Under the Serbian constitution, the prime minister is more powerful than the president, but the head of state can hold up legislation.

Twice elected president since 2004, Mr Tadic, 54, was part of the reformist bloc that ousted strongman Slobodan Milosevic in 2000 after a decade of war and isolation during the collapse of Yugoslavia.

Under Mr Tadic, Serbia in March became an official candidate for EU membership, but there is deep frustration among Serbs over the grinding transition from socialism to capitalism, amid an economic slowdown that has driven unemployment up to 24 per cent.

Mr Nikolic, 60, was an ultra-nationalist ally of Milosevic when Serbia was bombed by Nato in 1999. But, since twice losing to Mr Tadic, he has tried to rebrand himself as a pro- European conservative.

“I don’t trust either candidate but I had to make a choice and I voted for Nikolic because he seems less fake than Tadic,” said bus driver Marko Jovanovic.

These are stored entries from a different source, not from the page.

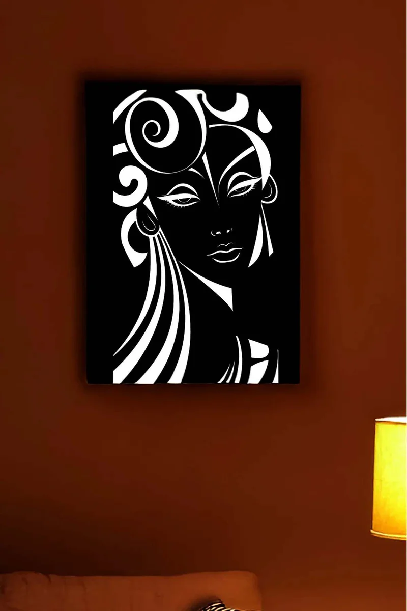 Reflektörlü Stilize Kadın Figürü Siyah Deri Zeminli Modern Tablo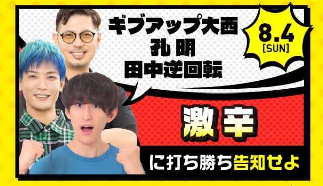 8月4日(日)は、ギブアップ大西(@giveup_onishi_8)・孔明(@koumei_0910)・田中逆回転(@TKgyakukaiten)の3人が極激辛のカップ焼きそばを食べて、辛さに耐えながら告知するという内容。頑張って。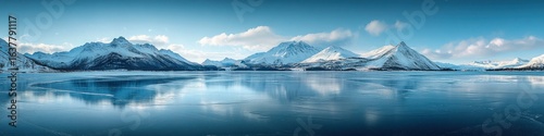 Serene Winter Landscape with Snow-Capped Mountains and Crystal Clear Lake Reflecting Blue Sky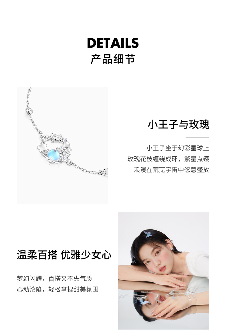 KADER卡蒂罗 小王子与玫瑰手链 女925银轻奢小众生日礼物2023年新款爆款
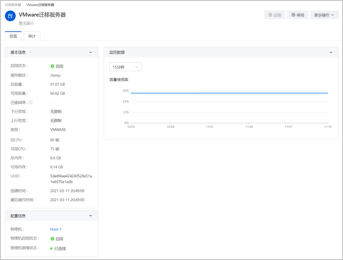 | 停用迁移服务器 | 将已启用的迁移服务器停用。 说明: 若在V2V迁移任务执行过程中将迁移服务器停用,迁移任务不受影响。 |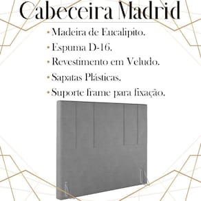 Cabeceira Queen 158 cm Madrid Veludo, ideal para inovar o seu quarto com toque luxuoso e ao mesmo tempo refinado. Estrutura em madeira de eucalipto, que oferece maior durabilidade ao produto. Composta por revestimento em tecido veludo, conta com espuma D-16 de altíssima qualidade, sapatas plásticas e acompanha frames para facilitar a fixação no box, é ideal para colchão Queen de 158 cm. Unindo elementos do design contemporâneo, que proporcionam uma ambientação moderna e com acabamentos sofisticados. Este móvel chegará na sua casa separado em 01 volume.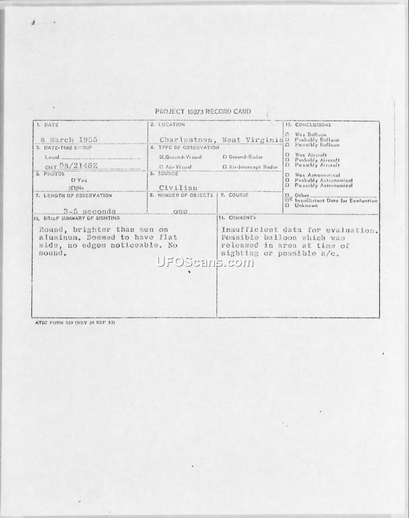 Project 10073 Record Card — Charleston, West Virginia, 8 March 1955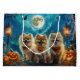 Unleash the spooky spirit with this eerie Halloween design featuring a pack of dogs under a dark, moonlit sky, surrounded by flying bats and glowing pumpkins. Perfect for those who love a touch of frightful fun with their furry friends!

A dour former cemetery manager, Mr Nikolic has accused the Democrats of stealing the first-round presidential vote and a parliamentary election on 6 May, and threatened to call supporters into the streets.

Election authorities and foreign monitors found no evidence of the 500,000 votes Mr Nikolic said were forged, but the row has raised the prospect of a disputed result at a time when Serbia needs stability in order to clinch EU accession talks.